Перед началом съемок на «Мосфильме» устраивались просмотры фильмов мировой классики. Их заказывал сам режиссер, считая, что творческой группе необходимо ознакомиться с приемами и находками современного зарубежного кинематографа. Я впервые тогда посмотрела «Пять легких пьес» Боба Рафелсона с Джеком Николсоном, «Буч Кессиди и Сандэнс Кид» Джорджа Рой Хилла с Робертом Редфордом и Полом Ньюменом, «Бонни и Клайд» Артура Пенна с Фей Данауэй и Уорреном Битти, а также фильмы Роберта Олтмена, которые особенно ценил Кончаловский. Наконец я увидела и Ширли Мак Лейн в картине Боба Фосса «Милая Черити». Кончаловский обращал мое внимание на клоунский аспект игры Мак Лейн – он хотел, чтобы я обострила свою характерность. «Смотри, как она хохочет, как открывает рот, – клоун, рыжий клоун в цирке, а как грустит по-детски, почти шарж», – комментировал он ее игру. На просмотрах он сажал меня рядом, и зарождающаяся во мне любовь набухала, как тесто на дрожжах, от тепла, внимания, ощущения нужности. Ему свойственно было желание научить, образовать, приобщить к культурному слою, вывести на другой уровень социальной и внутренней свободы всех, кто его окружал во время совместной работы на картине. Так называемый «ликбез» по-кончаловски распространялся и на толстых теть преклонного возраста, и на светских красавиц, и на девочек и мальчиков, называемых актерами, и на всевозможных старичков и старушек, попадавших в его водоворот на правах своеобразной челяди.

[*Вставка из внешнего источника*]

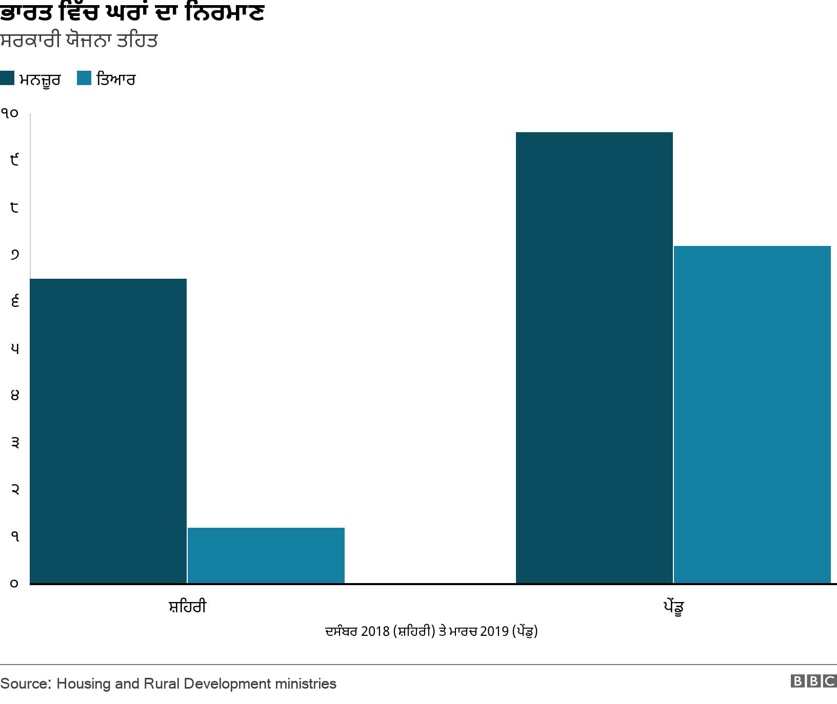 ਅਧਿਕਾਰਤ ਅੰਕੜੇ ਦੱਸਦੇ ਹਨ ਕਿ ਦਸੰਬਰ 2018 ਤੱਕ 65 ਲੱਖ ਘਰਾਂ ਨੂੰ ਮਨਜ਼ੂਰੀ ਮਿਲ ਗਈ ਸੀ।

В «образовательную» программу входило не только ознакомление с фильмами, фотоальбомами, живописью и музыкальными произведениями, но также в большой степени то, как и чем нужно питаться. В особенности восхвалялось сыроедение и вегетарианство. В качестве аргумента приводился неизменный ослик, который ел травку, и ему этого хватало, тогда как человек, питающийся мясом в конце двадцатого века, приравнивался к хищнику. В пользу сыроедения также предлагалось сравнить навоз травоядных с дерьмом всех остальных – первое не воняет, в отличие от последнего. Лекция о правильном питании могла застигнуть «ученика» в момент поглощения долгожданной котлетки, которую «учитель» клеймил словом «падаль». Пожиратель «падали» рано или поздно переставал питаться на глазах у режиссера или переходил на поощряемую мэтром геркулесовую кашу, дабы приобрести в глазах посвященного окружения киногруппы человеческие черты. Все были в курсе, что у Андрея Сергеевича недавно открылась язва и теперь он вынужден сидеть на специальной диете, потому относились с пониманием к его пристальному вниманию к вопросам здоровья, чем отчасти и объясняли его поиски новых путей.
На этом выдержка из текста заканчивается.